Task input START

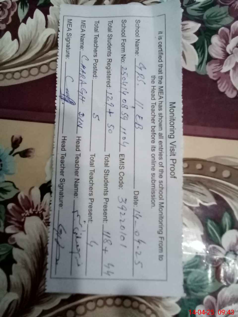 | Attendance Register | Head Teacher | MEA with School | Visit Proof |
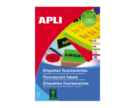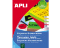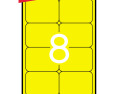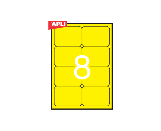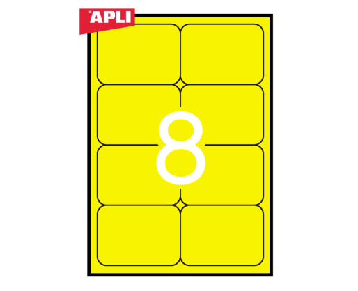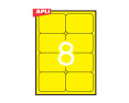 Etiketiniai lipdukai APLI. Fluoresencinės geltonos spalvos. Suapvalintos. Matmenys 99,1x67,7 mm. A4 formatas. Lape 8 lipdukai. 20 lapų pakuotėje.
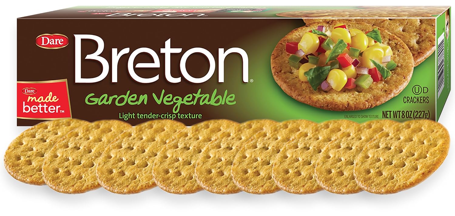 The nutritional value of a suggested serving of dare breton garden vegetable crackers includes 0 mg of cholesterol 0 mg of sodium 12 grams of carbohydrates 1 grams of dietary fiber 2 grams of sugar and 2 grams of proteins. Get full nutrition facts for other breton products and all your other favorite brands. Calories in breton crackers based on the calories fat protein carbs and other nutrition information submitted for breton crackers.
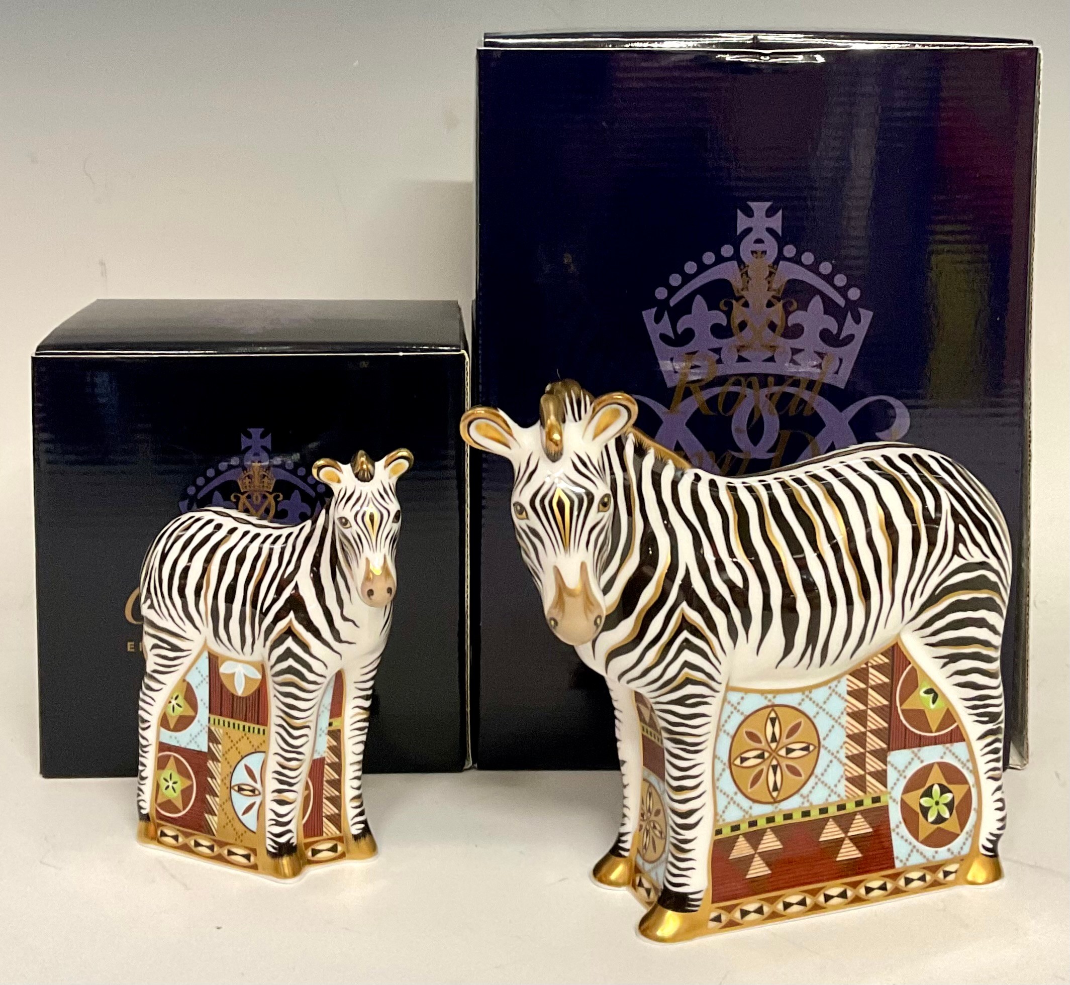 A pair of Royal Crown Derby paperweights, Zebra and Baby Zebra, gold stoppers, the zebra 16cm, the baby 13.5cm, printed marks in red, each boxed (2)
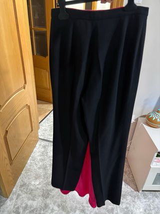 Pantalón negro de vestir elegante y versátil, con mucha caída. Cierre lateral con cremallera y botón. Muy buen estado. - Corte recto. - Tejido de calidad (crepe).

Task input END

- **Requirement**: Pictures are to be left out; everything else in the records gets retyped exactly.

- **Result for this task**:
 | Attendance Register | Head Teacher | MEA with School | Visit Proof |
 Etiketiniai lipdukai APLI. Fluoresencinės geltonos spalvos. Suapvalintos. Matmenys 99,1x67,7 mm. A4 formatas. Lape 8 lipdukai. 20 lapų pakuotėje.
 The nutritional value of a suggested serving of dare breton garden vegetable crackers includes 0 mg of cholesterol 0 mg of sodium 12 grams of carbohydrates 1 grams of dietary fiber 2 grams of sugar and 2 grams of proteins. Get full nutrition facts for other breton products and all your other favorite brands. Calories in breton crackers based on the calories fat protein carbs and other nutrition information submitted for breton crackers.
 A pair of Royal Crown Derby paperweights, Zebra and Baby Zebra, gold stoppers, the zebra 16cm, the baby 13.5cm, printed marks in red, each boxed (2)
 Pantalón negro de vestir elegante y versátil, con mucha caída. Cierre lateral con cremallera y botón. Muy buen estado. - Corte recto. - Tejido de calidad (crepe).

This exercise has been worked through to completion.